Instead of requiring mounds of paperwork to document how colleges of education are preparing the next generation of teachers and educational leaders, the National Council for Accreditation of Teacher Education has approved a streamlined review system that is expected to bring more uniformity to the process.
The new process also shifts to the accrediting body itself much of the control that NCATE’s member organizations previously exercised.
Institutions seeking initial or renewed accreditation by the council for the programs they offer will now each submit a 25- to 35-page report showing how their graduates are meeting the standards of the 19 professional organizations that belong to NCATE, such as the National Council of Teachers of Mathematics, the Council for Exceptional Children, and the National Association of School Psychologists.
The report will have to include the results of assessments used to evaluate how well students know their academic content, how well they understand teaching and learning, and whether they are having an effect on student learning after they enter the field. Those assessments might include portfolios, research reports, exams, and student-teaching evaluations. The colleges will also be expected to submit scoring guides or criteria used to assess students.

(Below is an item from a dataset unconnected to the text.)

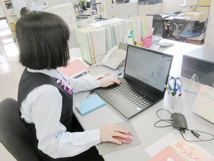 デスクワークを中心に営業部門のサポートをする営業事務、電話・来客対応・伝票入力等の一般事務、会社内の設備管理・備品管理業務、会社経営に関わる経理業務等の幅広い仕事内容となります。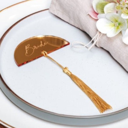 Enhance your event's elegance with our opulent mirror place card, featuring an engraved name and tassel. Available in a selection of luxurious finished, including the popular frosted acrylic but to truly appreciate the intricate engraving, showcase it against a darker backdrop. We offer a variety of sophisticated fonts to personalise each place card with your esteemed guests' names.

The student-performance data “will give us far more pointed information when we do go on the visit,” said Arthur E. Wise, the president of the Washington-based NCATE.
Although colleges will have flexibility on the kinds of assessments they choose to submit, they will have to include any tests required by their respective states, such as the Praxis II, produced by the Educational Testing Service in Princeton, N.J. At least 80 percent of the candidates must pass their state’s licensing exam for a program to earn accreditation.
In some cases, Mr. Wise said, “colleges will have to do some work to help us understand their grading or examination systems,” but “many will be on the cutting edge of figuring out how to assess student performance.”
A Web-Based System
The new process, which was approved by the 30-member NCATE executive board this month and is expected to go into effect Sept. 1, will also be entirely Web-based. Moving to an electronic system will allow NCATE and other interested organizations and scholars to compare data from institutions more effectively, Mr. Wise said.
The changes represent the recommendations made by a task force that began working on the issues more than a year ago, and they bring the organization’s efforts to move to a performance-based system to “full flower,” he added.
Control Shifts
NCATE also has an ongoing project with the ETS to set a common score or benchmark on the Praxis II, which would bring even more consistency and comparisons across states. (“Popular Licensing Exam to Get Solo Cutoff Score,” June 11, 2003.)
Moreover, the accrediting body will have more control over how the programs at the institutions are judged. Previously, each of the 19 professional groups had its own way of determining whether a college had met its standards.
“The institutions were challenged in the past because there were [so many] different managers explaining things to them,” Mr. Wise said. “They will like it that there will be greater consistency.”
David G. Imig, the president and chief executive officer of the Washington-based American Association of Colleges of Teacher Education, a member of NCATE, agreed that colleges had been pressing for more regularity.
“It became very, very complex, and places just got discombobulated,” he said. “In general, we’re pleased with the changes.”
While the member associations will still choose and train the people who evaluate the colleges, NCATE will now be in charge of the program review.
James M. Rubillo, the executive director of the National Council of Teachers of Mathematics, based in Reston, Va., and a member of the task force that made the recommendations, said that the new structure also eliminates the possibility of a conflict of interest that could arise when a college seeks advice about accreditation from the subject-matter association in charge of granting it.
“I feel that this is better for the [specialty associations], for the institutions, and it clarifies everyone’s role,” he said.